In Sportveranstaltungen, Online-Foren und Social Networks kommen Sportler und Fans, Infos und Feedback zusammen – zeitnah. Es gilt ja das Credo: schneller, höher, weiter.


Sportkommunikation ist zunehmend auch als Marken-Kommunikation auf PR und Cross Media angewiesen. Das zeigt die aktuelle Kampagne der Deutschen Sporthilfe, die auf Facebook per Viral-Marketing um Sponsoren wirbt. Marketing-Experte Oetting weist zurecht darauf hin, dass es nicht genüge, Kreativen zuzurufen:“Macht uns mal eine Kampagne für unseren neuen Sportschuh!“ Er sagt, Community sei eine Einstellung – keine Klickmaschine: http://www.connectedmarketing.de/cm/2010/01/community-ist-eine-einstellung.html

Was nützen neue Sportschuhe, wenn die Kommunikation ein alter Hut ist?
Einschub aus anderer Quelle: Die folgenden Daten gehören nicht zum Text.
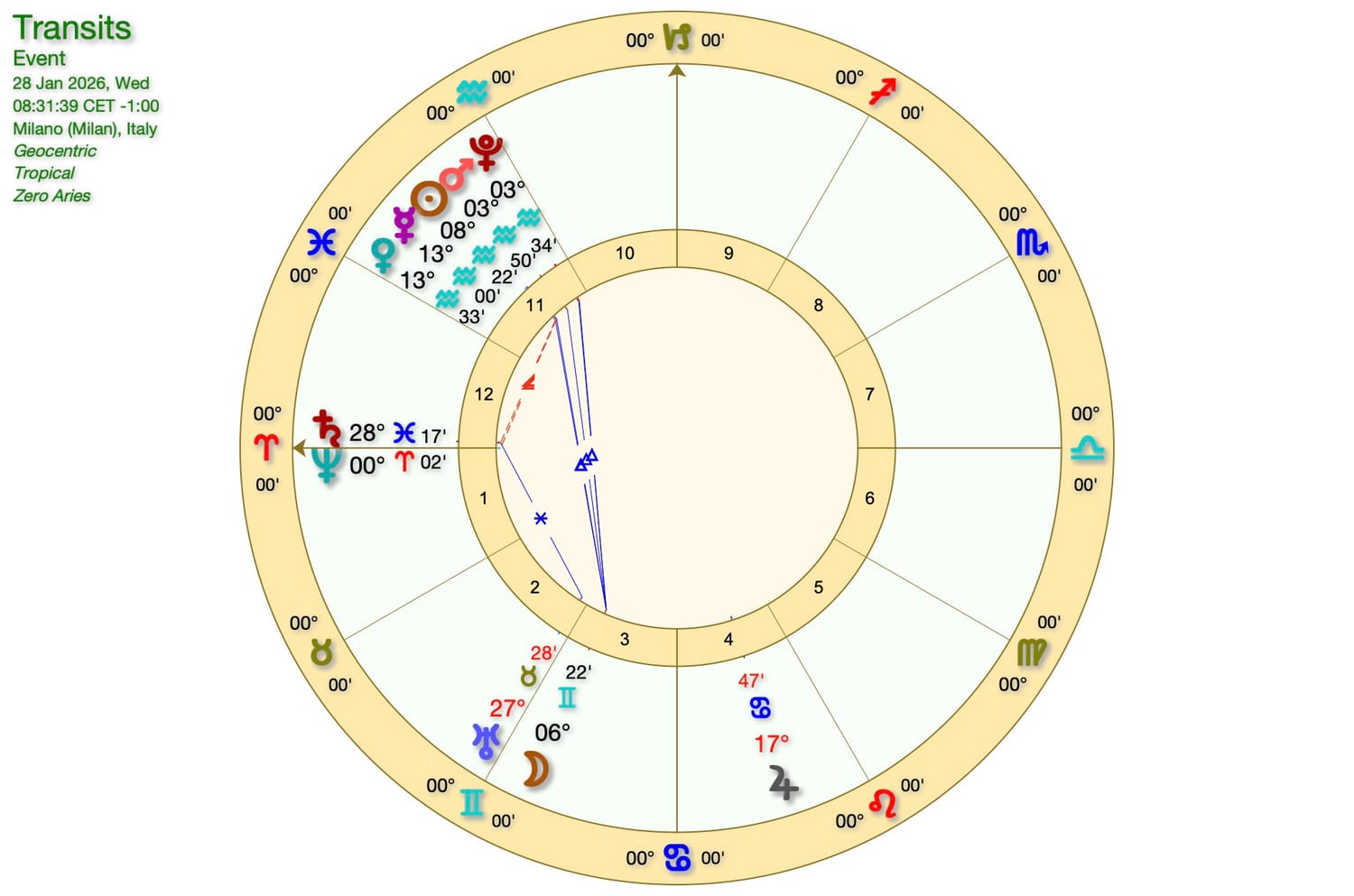Oggi abbiamo un aspetto molto potente di TRIGONO tra la LUNA in GEMELLI e lo STELLIUM di pianeti in ACQUARIO.

Die einfache Weiterleitung von Pressemitteilungen per „Copy&Paste“ mag zwar Reichweiten erzeugen, greift aber zu kurz – es fehlt an Tiefe und O-Tönen in der Berichterstattung. Wer will das lesen? Journalismus – auch die sogenannte Graswurzelvariante – ist aufwendig und verdient Honorierung. Da verweise ich per Link lieber gleich auf die Quelle, das ist seriöser und vertrauensbildender als einfaches „Abschreiben“. Zum Twittern genügen schon wenige Worte – genau genommen 140 Zeichen.

Auch Kontaktpflege und Recherche brauchen Zeit. Viele Ansprechpartner in Vereinen sind ehrenamtlich tätig, Pressestellen eher die Ausnahme. Informationen müssen je nach Veröffentlichung in Print oder Online zielgruppengerecht aufbereitet werden – möglichst barrierefrei.

Die Low-Budget-Alternative? Der Pressespiegel online.

In Kürze hier also wieder :paralympic_News_01_10 – ein Pressespiegel, ganz ohne Honorar zusammengestellt, aber mit viel Zuspruch gelesen. Weil er es wert ist – der paralympische Sport.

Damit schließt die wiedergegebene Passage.